Question

All possible isomers of C$_3$H$_7$Br when reacted with aq. KOH. Find out total number of optically active products (without rearrangement).

Hint:

When looking for optically active products in nucleophilic substitution reactions, check for the formation of chiral centers in the products. Products with a plane of symmetry or no chiral centers are optically inactive.

Answer 1

Correct Answer: 6

Step 1: Understanding the reaction.
When C$_3$H$_7$Br reacts with aqueous KOH, the reaction is typically a nucleophilic substitution, where the bromine atom is replaced by a hydroxyl group.

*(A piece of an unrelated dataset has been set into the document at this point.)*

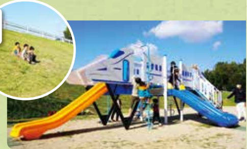
大府市若草町一丁目604

東海道新幹線沿いに位置し、新幹線モチーフの遊具が特徴的。土手滑りも童心に帰れます。辰池を囲む様々な草木を愛でながらお散歩してみてください。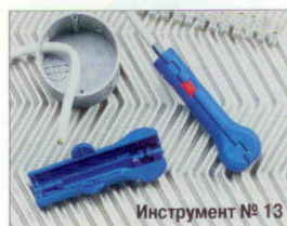
Инструмент № 13

This is a typical alcohol formation reaction.
Step 2: Identifying the isomers.
The compound C$_3$H$_7$Br can exist as several structural isomers. These isomers are: - 1-Bromopropane - 2-Bromopropane - Isopropyl bromide (propyl bromide)
Step 3: Optically active products.
When these isomers react with KOH, they can form alcohols. The formation of optically active products requires the formation of a chiral center. For example: - In the case of 1-bromopropane, the product is propan-2-ol, which is optically active. - In the case of 2-bromopropane, the product is also optically active. - The reaction of isopropyl bromide leads to a non-chiral product (propan-2-ol is achiral), which does not form optically active products.
Step 4: Conclusion.
Thus, the total number of optically active products is 6.